During the Three Kingdoms period, attrition rates in many areas exceeded 50 percent of the entire population. That'd be like the population of the U.S. dropping from 300 million to 150 million in a single generation. Now China is our principal loan officer.
True, it took a few centuries, but it wasn't the end of the world. It wasn't even the end of Chinese civilization. The history books simply marked the beginning of a new dynasty.
These same historical periods saw great social change and advances in technology and culture (ditto the aftermath of the Black Death). Give the human race a challenge and after a bit of Darwinistic pruning it'll rise to it. This end-of-days stuff makes for entertaining movies. But in real life it's a cop-out.
It's hard to match the presumptuousness of a bunch of wet-behind-the-ears teenagers selling the secret sauce to save our souls. Except that they're dim bulbs compared to to the blinding arrogance of the secular evangelists who claim they are going to save the whole bloody planet.
The new religion of catastrophic environmentalism has also embraced the apocalypse, along with the fundamentalist's fear of change. But just as much worse changes have happened to human civilization in the past, much worst changes have happened to the planet itself than we're capable of inflicting.
And will happen in the future, regardless of anything we do or don't do. Planetary catastrophic change--earthquakes, volcanoes, ice ages, oceans rising and falling--is what the planet does normally. (The mean temperature of the North Slope of Alaska was once thirty degrees warmer than it is today.)
We've turned into roosters convinced the sun rises on our command. We're quite capable of fouling our own nests, but only in the sense that a horsefly fouls the windshield of a tractor-trailer cruising down the interstate. It's not like the tractor-trailer cares. A swish of the windshield wipers and its gone.
Let's keep in mind who's really in charge. There are more bacteria on earth--in mass and number--than all other living things combined. For that matter, there are more bacteria in the human gut than cells in the human body. The bacteria keep us around because we're convenient.
Our ultimate fate is to become compost. It is more comforting to believe that we're standing at the fulcrum of history, that like Archimedes we can move the Earth if given enough leverage (or "political activism"), rather than accommodating ourselves to whatever direction the Earth wishes to move in.
Except not that mundane, sausage-making politics. Or anything that requires any actual risk to life and limb. Just idealistically protest stuff and vilify those of different (political) faiths (the ones counting on you being "left behind"; it's apparently a very mutually-annihilating sentiment).
Merely declare your "awareness" of the situation and you are saved! (Wait, I forget, is that evangelicals or environmentalists?)
An interesting fact about white people is that they firmly believe that all of the world's problems can be solved through "awareness." Meaning the process of making other people aware of problems, and then magically someone else like the government will fix it. This belief allows them to feel that sweet self-satisfaction without actually having to solve anything or face any difficult challenges.
Making every conflict, every frustrated objective, every twist and turn in the course of geological and human events, into a Manichean contest of wills buys into the same fanciful thinking as the conspiracy gnostics who insist they're the only ones who really know what's going on (and then can't shut up about it).

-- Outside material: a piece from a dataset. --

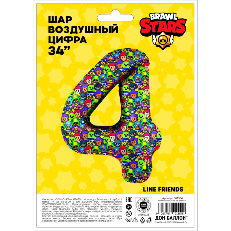 Шар (34''/86 см) Цифра, 4 Game Party, 1 шт. в уп., 501554
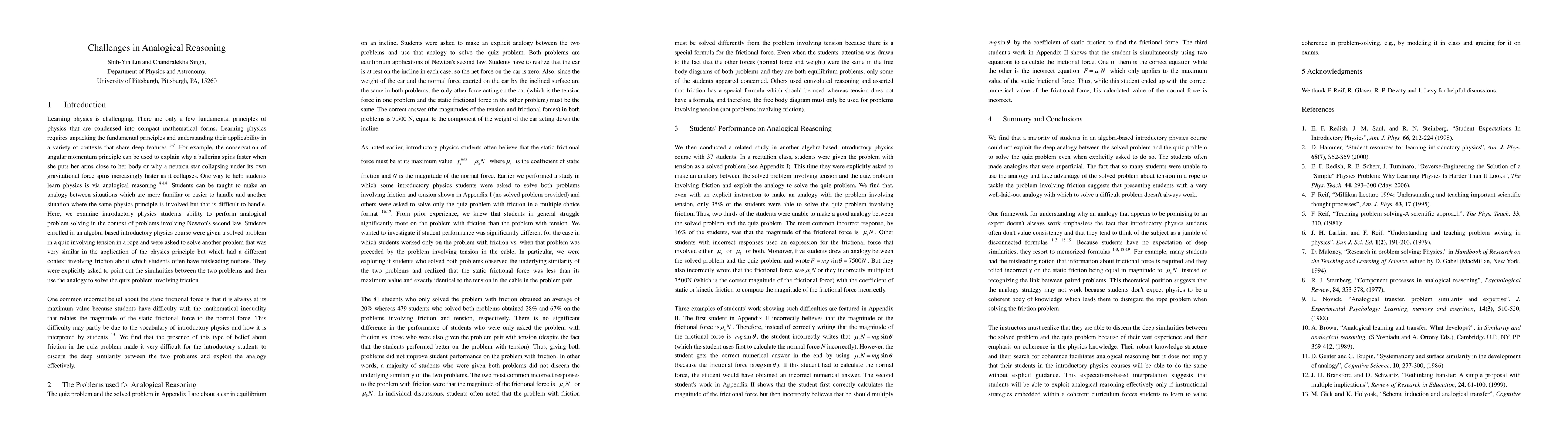 Introductory physics students struggle with applying analogies to solve problems involving Newton's second law, highlighting a common challenge in analogical reasoning.

It's a trap that teenagers easily fall into, what with all their "goth" posturings and dour convictions that nobody (let alone their parents or teachers) has ever suffered as much as them in the whole history of the world.
But teenagers grow out of it. Adult, middle-class Americans indulging in non-fiction apocalyptic fantasies are like twelve-year-olds gathered around the campfire telling ghost stories and scaring themselves for the giggly thrill of it, knowing that in the morning they'll be driving home to the suburbs.